Rey’s family has become the “Rosebud” of Star Wars: Who are they? What’s their significance? How will that revelation shape her destiny?
The mystery was introduced in The Force Awakens when Daisy Ridley’s desert scavenger touched the ancestral Skywalker lightsaber and saw a series of visions, including a starship abandoning a much younger version of herself on the junkyard world of Jakku.
Now, The Last Jedi will finally resolve the question that fans have been debating for two years.
This article, obviously, won’t spoil anything. The theory I’m holding onto is still this one.
But in EW’s interview for our cover story on The Last Jedi, writer and director Rian Johnson did offer his thoughts on a related question: How much does Rey’s past matter — or is this a tangent fans have obsessed over unnecessarily?
“To me, it’s important insofar as it’s important to her,” Johnson says. “And I think it’s important to her in terms of what is her place in all of this? What’s going to define her in this story? She was told in the last movie that the answer’s not in the past; it’s looking forward.
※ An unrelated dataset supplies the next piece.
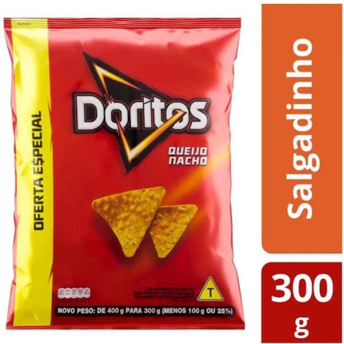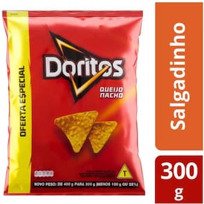 Pacote contendo 300 gramas de salgadinho de milho Doritos sabor Queijo Nacho.
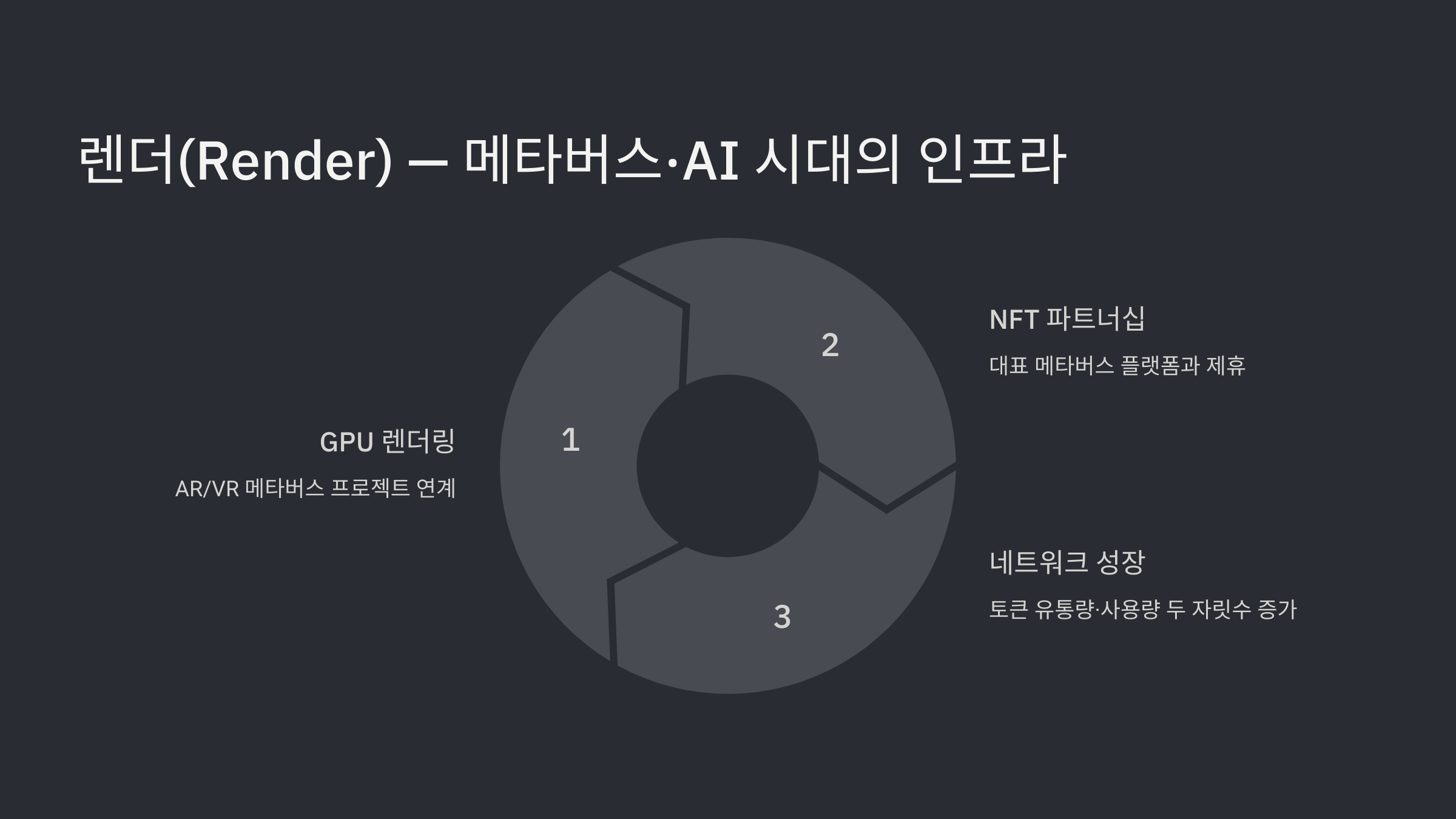 렌더(Render)는 말 그대로 '렌더링 파워'를 탈중앙화한 프로젝트예요. 메타버스, AI, 게임, 영화 분야 등에서 사용되는 무거운 3D 그래픽 데이터를 빠르게 처리할 수 있도록 분산형 GPU 네트워크를 제공하죠. 즉, 전 세계의 유휴 그래픽카드를 연결해서 하나의 슈퍼컴퓨터처럼 만드는 개념이에요.2025년, AI 생성 이미지와 메타버스 콘텐츠가 급증하면서 렌더의 수요는 상상 이상으로 높아졌어요. OpenAI, Nvidia, Unity 같은 기업들도 분산 렌더링을 채택하는 흐름 속에서, RNDR 코인은 이 생태계의 중심 코인으로 자리 잡았어요.

But she’s showing up on this island to talk to this hero from the past.”
Let’s just pause for a line from Eugene O’Neill’s A Moon For the Misbegotten: “There is no present or future — only the past, happening over and over again — now.”
If Rey understands her origin, it can be a map for her future, a guide to avoiding whatever fear or mistakes have come before. In that way, Johnson says Rey does need to know. (And so do we.)